A woman in a black dress standing next to a refrigerator inside a grocery shop

Wazira in her small grocery shop. Photo: Ebrahim Mohammed

Wazira in her small grocery shop. Photo: Ebrahim Mohammed

According to the 2022 Humanitarian Needs Overview (HNO) analysis, 23.4 million people in Yemen require humanitarian assistance to maintain their lives and well-being, of whom 12.9 million people are assessed to be in acute need. The main instigating factors behind the number of people in need in Yemen are mainly food insecurity and malnutrition, insufficient access to health, water and sanitation, and protection.

A record 19 million Yemeni people need food assistance, with women and children bearing the significant burden of malnutrition. According to the analysis of the Integrated Food Security Phase Classification (IPC), 2.2 children under five and 1.3 million pregnant and nursing mothers were expected to be in need of treatment for acute malnutrition by the end of 2022. The absence of macro-economic stability, combined with accelerating inflation, depreciation of the local currency, and a rise in global food prices, have compounded food insecurity.
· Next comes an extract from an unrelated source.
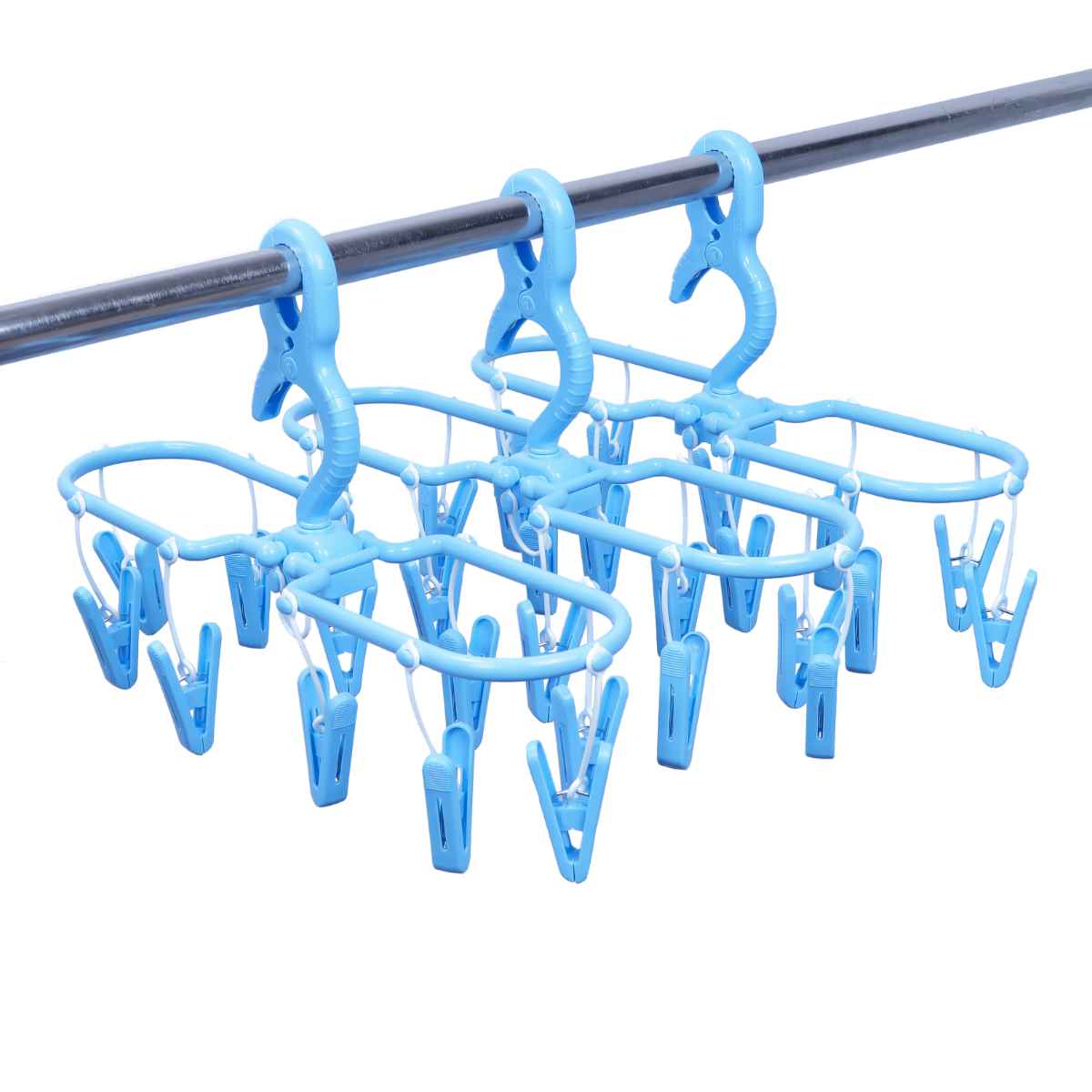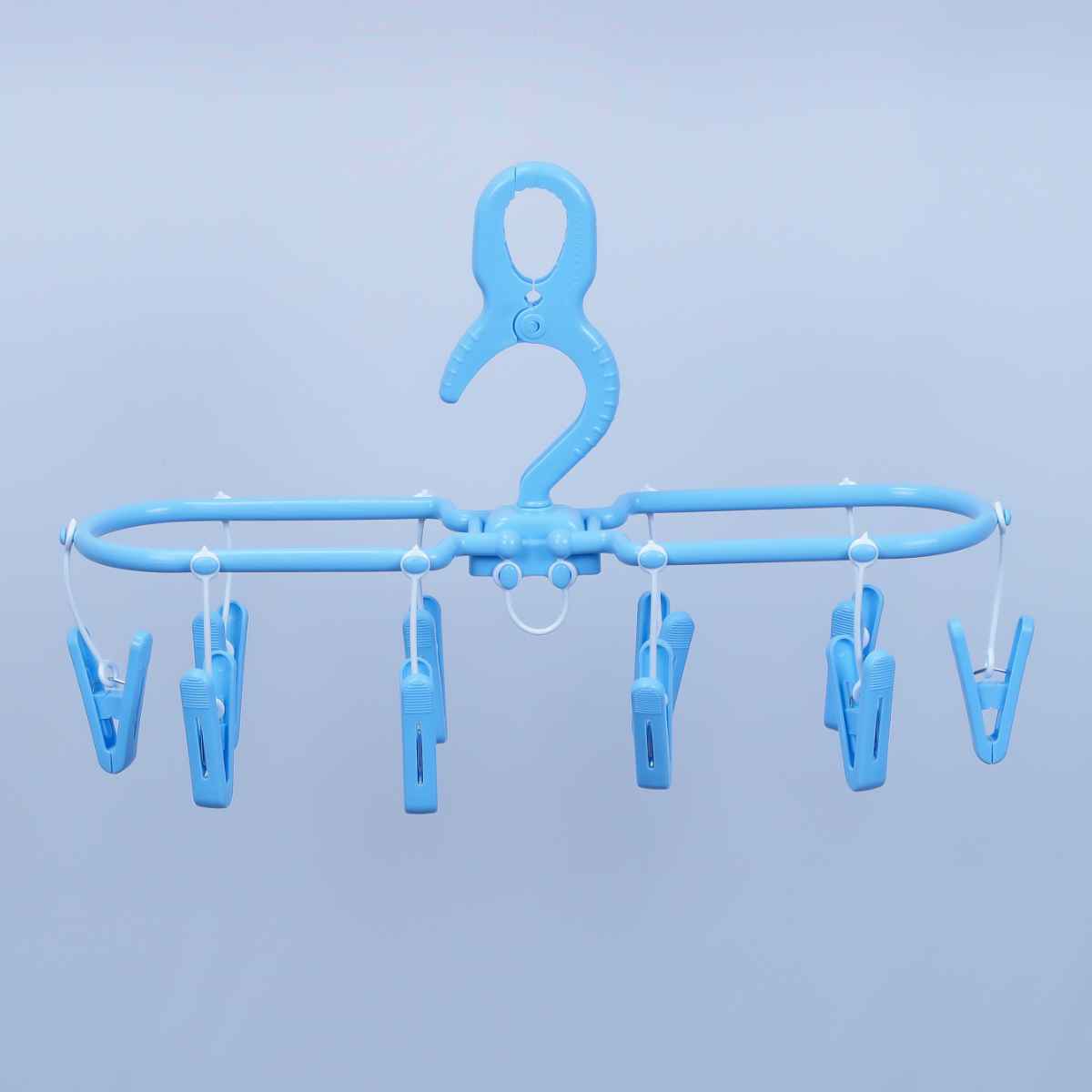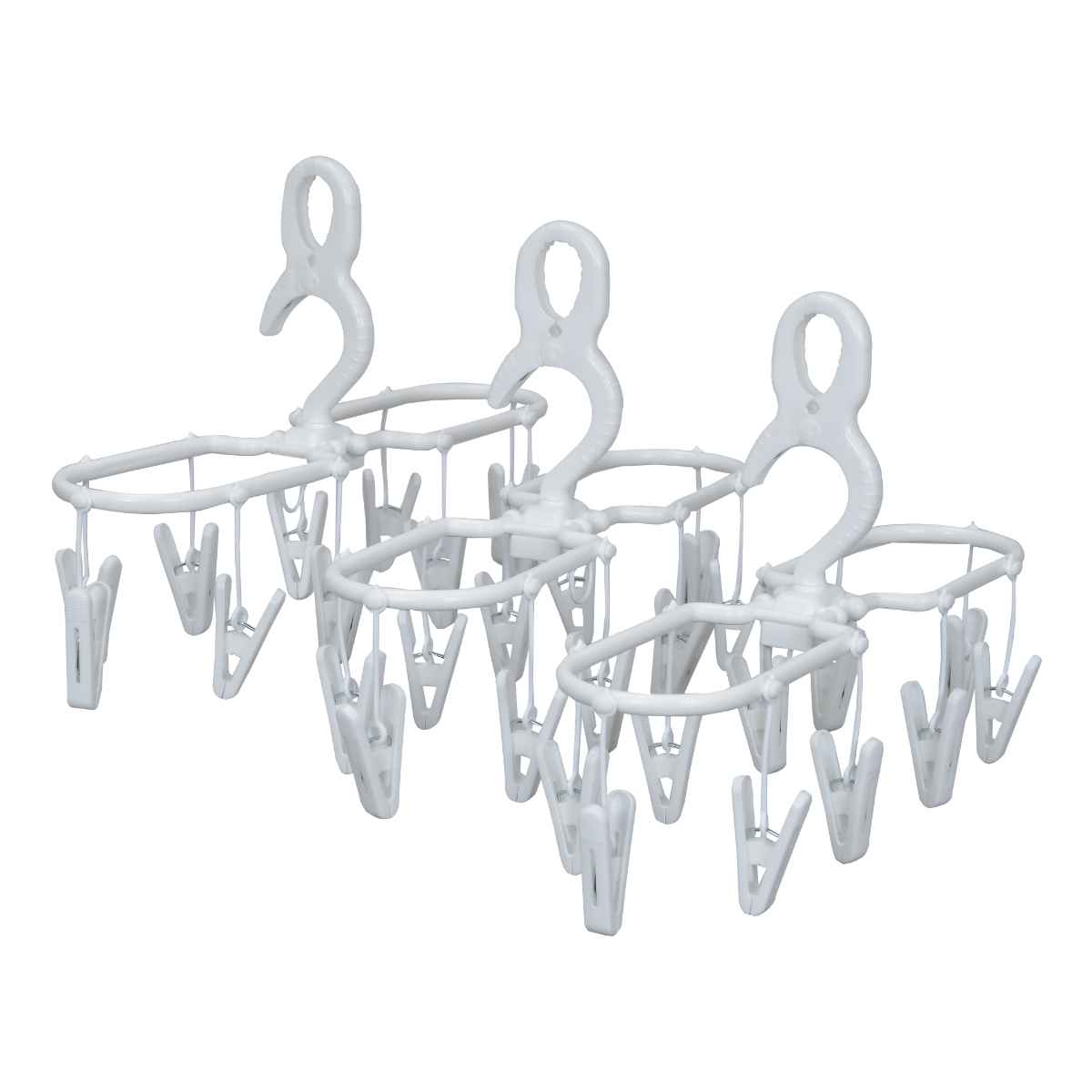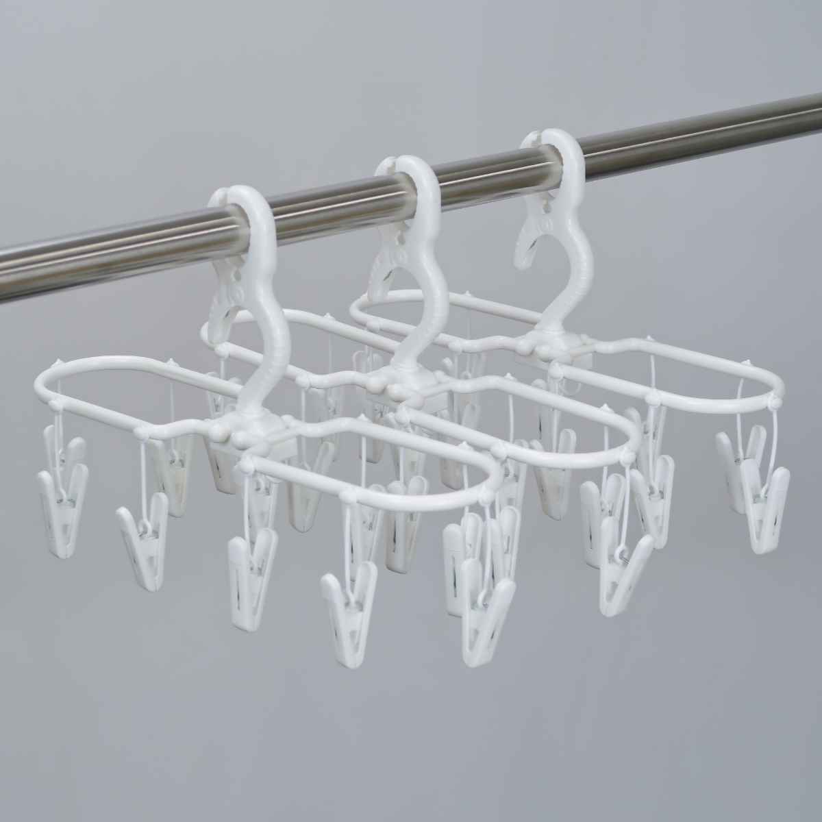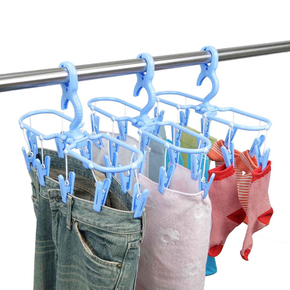 厚手のボトムスや小物を干す時に便利なピンチ付きハンガーです。1つのハンガーで10個のピンチが付いています。乾きにくいデニムやパンツなどのウエスト部分を広げて干せるので早く乾かせます。

The situation has been further exacerbated by persistent fuel shortages, disruption of public services, and high levels of unemployment.

As more people in Yemen slip into acute food insecurity, their livelihoods are eroded, and reliance on food assistance increases. As a result, their resilience to even minor shocks such as decreased food assistance, import challenges, or sharp increases in food prices, can directly impact their food consumption and become detrimental to their well-being.

To address these challenges, CARE and Germany’s Federal Ministry for Economic Cooperation and Development (BMZ) work to strengthen the resilience and self-reliance of vulnerable families in Yemen through an integrated, multi-sectoral approach that combines improving access to essential services, supporting sustainable livelihoods, and promoting their access to finance.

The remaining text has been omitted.